### REQUIRED ACTION
When you reproduce the data, keep every word exactly as it stands and leave the pictures out.

### DATA PROVIDED
-------------------------
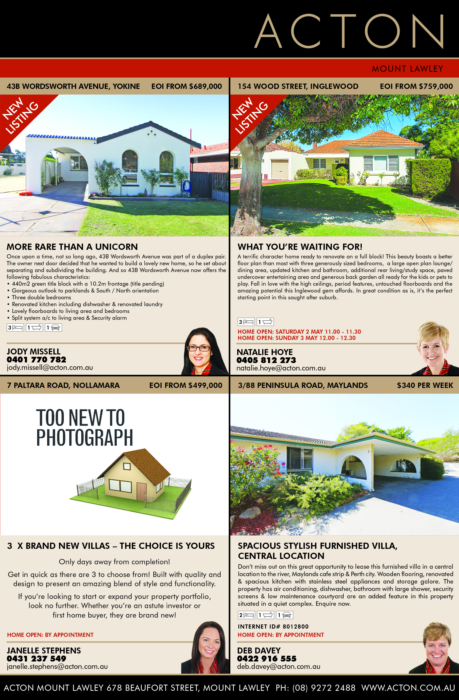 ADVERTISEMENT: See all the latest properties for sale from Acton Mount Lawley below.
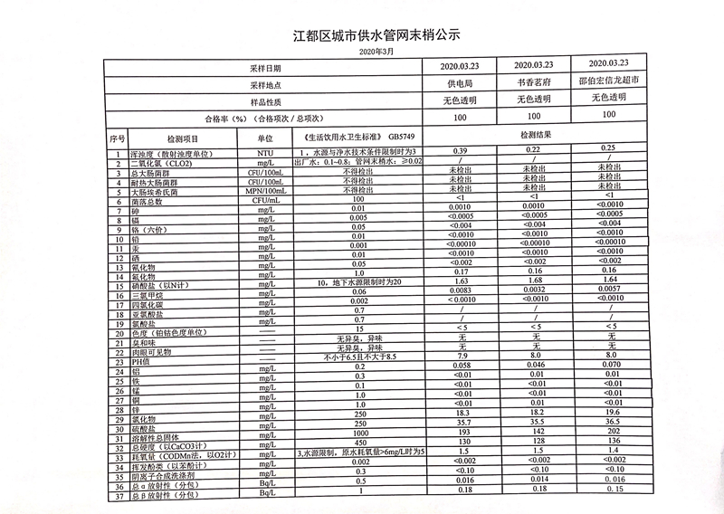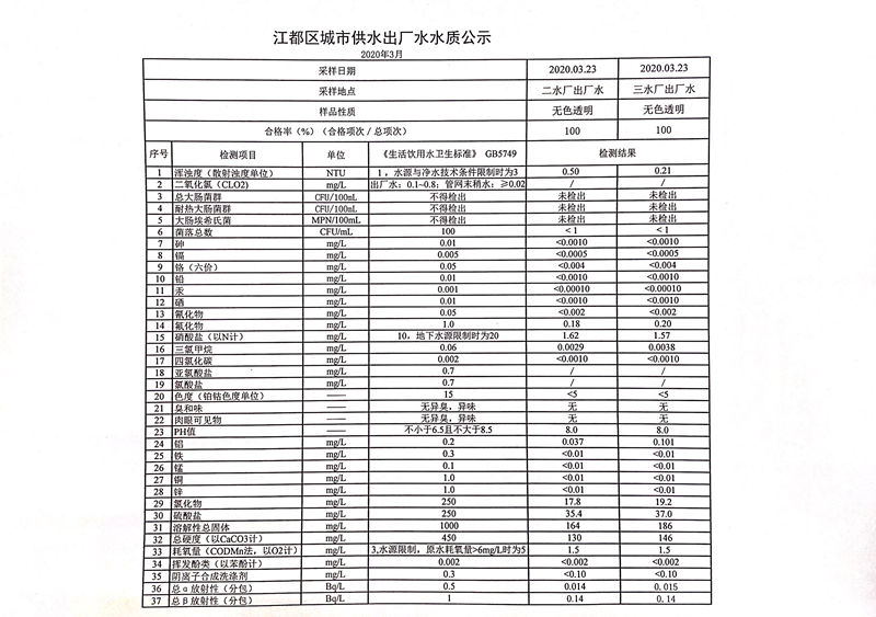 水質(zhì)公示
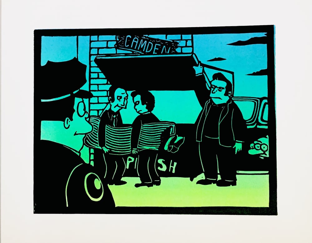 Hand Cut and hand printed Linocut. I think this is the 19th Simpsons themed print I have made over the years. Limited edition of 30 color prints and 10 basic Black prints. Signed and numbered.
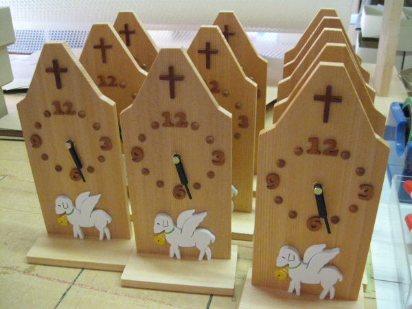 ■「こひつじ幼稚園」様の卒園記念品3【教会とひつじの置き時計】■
-------------------------
### WRITTEN ANSWER
 ADVERTISEMENT: See all the latest properties for sale from Acton Mount Lawley below.
 水質(zhì)公示
 Hand Cut and hand printed Linocut. I think this is the 19th Simpsons themed print I have made over the years. Limited edition of 30 color prints and 10 basic Black prints. Signed and numbered.
 ■「こひつじ幼稚園」様の卒園記念品3【教会とひつじの置き時計】■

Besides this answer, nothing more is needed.